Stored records
---------------
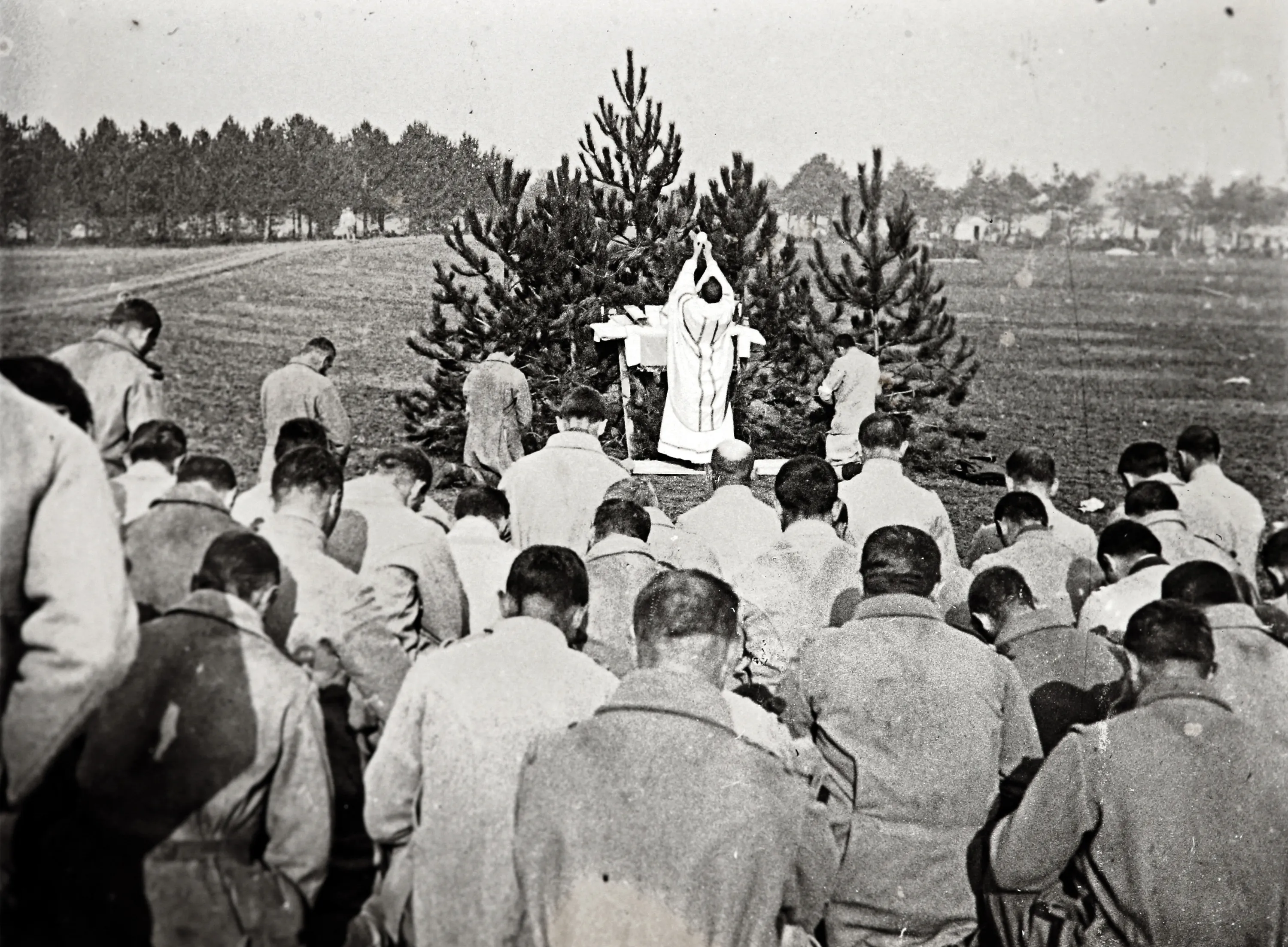 An archive picture shows a priest conducting mass for French soldiers on the Champagne front, eastern France in 1915. (Photo by Collection Odette Carrez/Reuters)
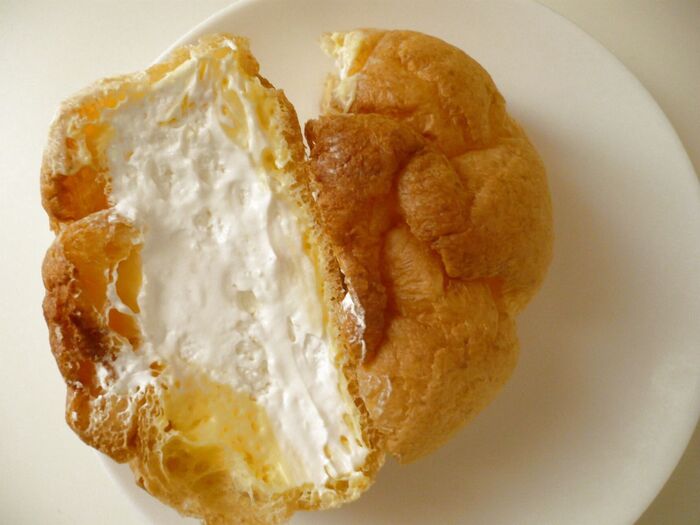 真ん中で切ってみるとびっくり!シューの中は底の方と上にはカスタードそして、北海道産練乳を使用したミルキークリームがぎっしりです♪「ひかえめに言う」から逆に余計にクリームが多いように思います(笑)カスタードのもホイップクリームもとっても美味しかったです☆今日はシュークリーム食べた♪って大満足のスイーツでした。
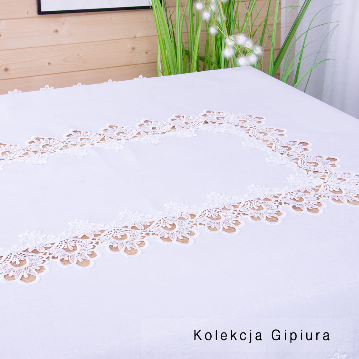 Obrus DA-384 110x160 cm z gipiurą Biały owal
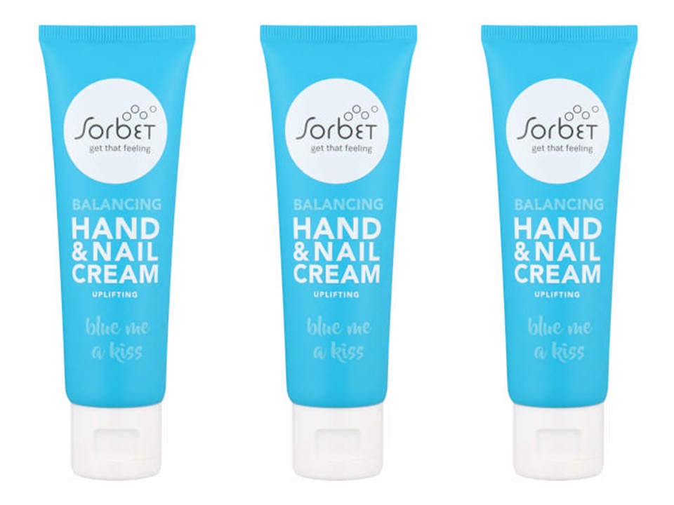 Sorbet Balancing Hand & Nail Cream Blue 75ml contains rosemary, starflower, pearl extract and Vitamin E to revitalise and uplift your skin.
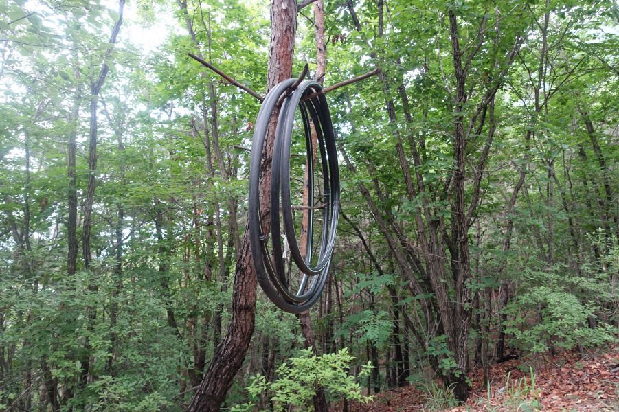 낭유고개에는 유사시 도로 차폐 시설이 있다. 아스팔트도로 차폐 시설이 시작되기 직전 낮아지는 지점에서 우측 관음산 입구 등산로 관음산을 향한다. 모두들 힘든 대원들 여기서 산행 접자면 좋아할 분위기다. 힘들지만 목표대로 관음산을 향한다.
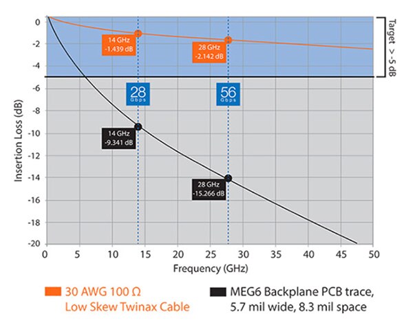 圖 3:Samtec 的低偏斜、低損耗纜線與背板式 PC 板走線設計的對比中顯示,Twinax Flyover 纜線在 28 GHz 下的插入損耗低大約 13 dB。(圖片來源:Samtec Inc.)
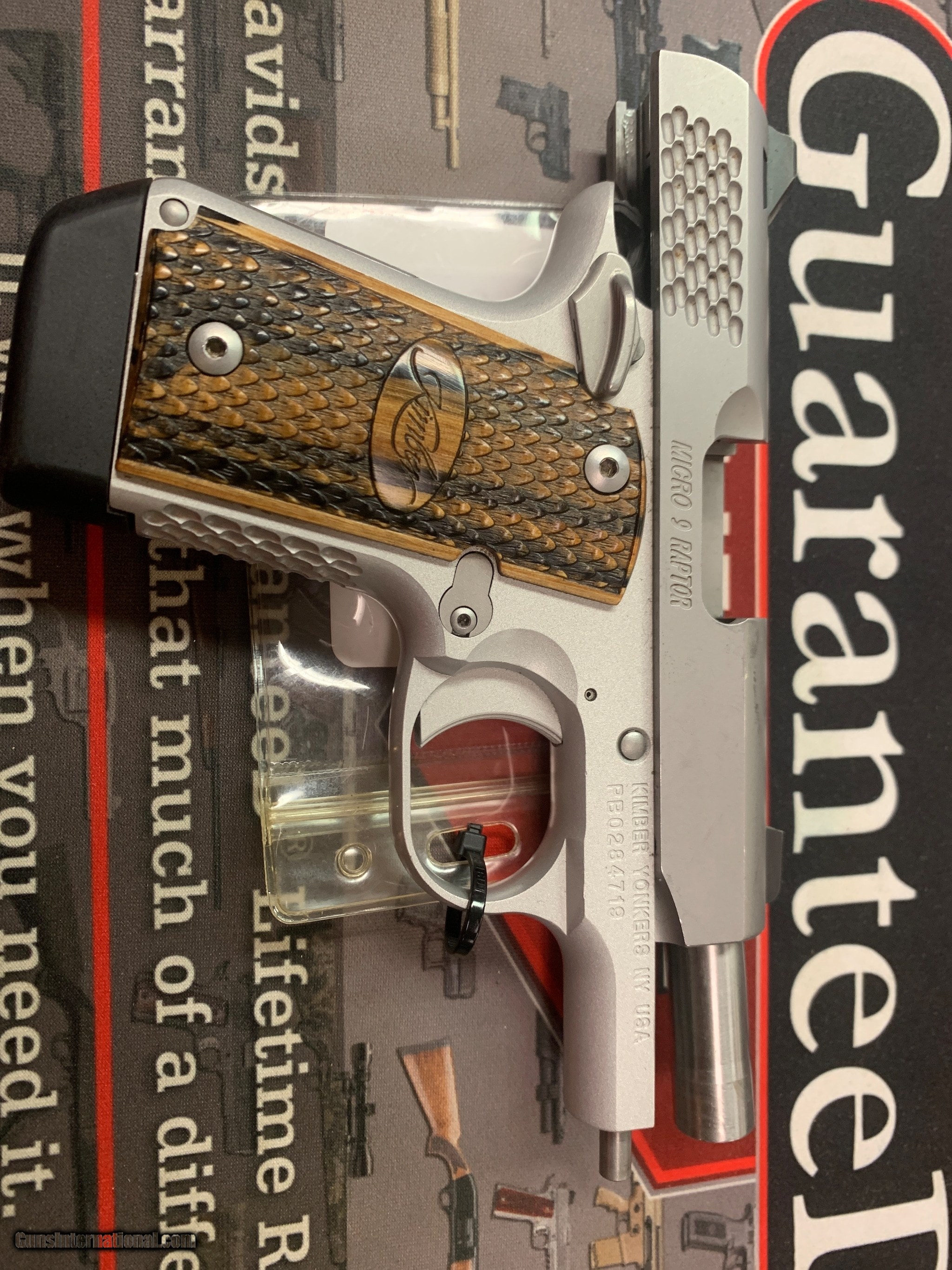 Description: Guns Listing ID: 377366 Kimber micro 9 raptor with 1 magazine only. SOLD Manufacturer: KIMBER Model: MICRO 9 RAPTOR Caliber Info: 9MM Condition: Used - Non-Certified Barrels: 2 BARREL Finish: STAINLESS |
---------------
Repeat the records above exactly, from the first line through the line containing "Obrus DA-384 110x160 cm z gipiurą Biały owal", and leave out the pictures.

ANSWER SECTION —
 An archive picture shows a priest conducting mass for French soldiers on the Champagne front, eastern France in 1915. (Photo by Collection Odette Carrez/Reuters)
 真ん中で切ってみるとびっくり!シューの中は底の方と上にはカスタードそして、北海道産練乳を使用したミルキークリームがぎっしりです♪「ひかえめに言う」から逆に余計にクリームが多いように思います(笑)カスタードのもホイップクリームもとっても美味しかったです☆今日はシュークリーム食べた♪って大満足のスイーツでした。
 Obrus DA-384 110x160 cm z gipiurą Biały owal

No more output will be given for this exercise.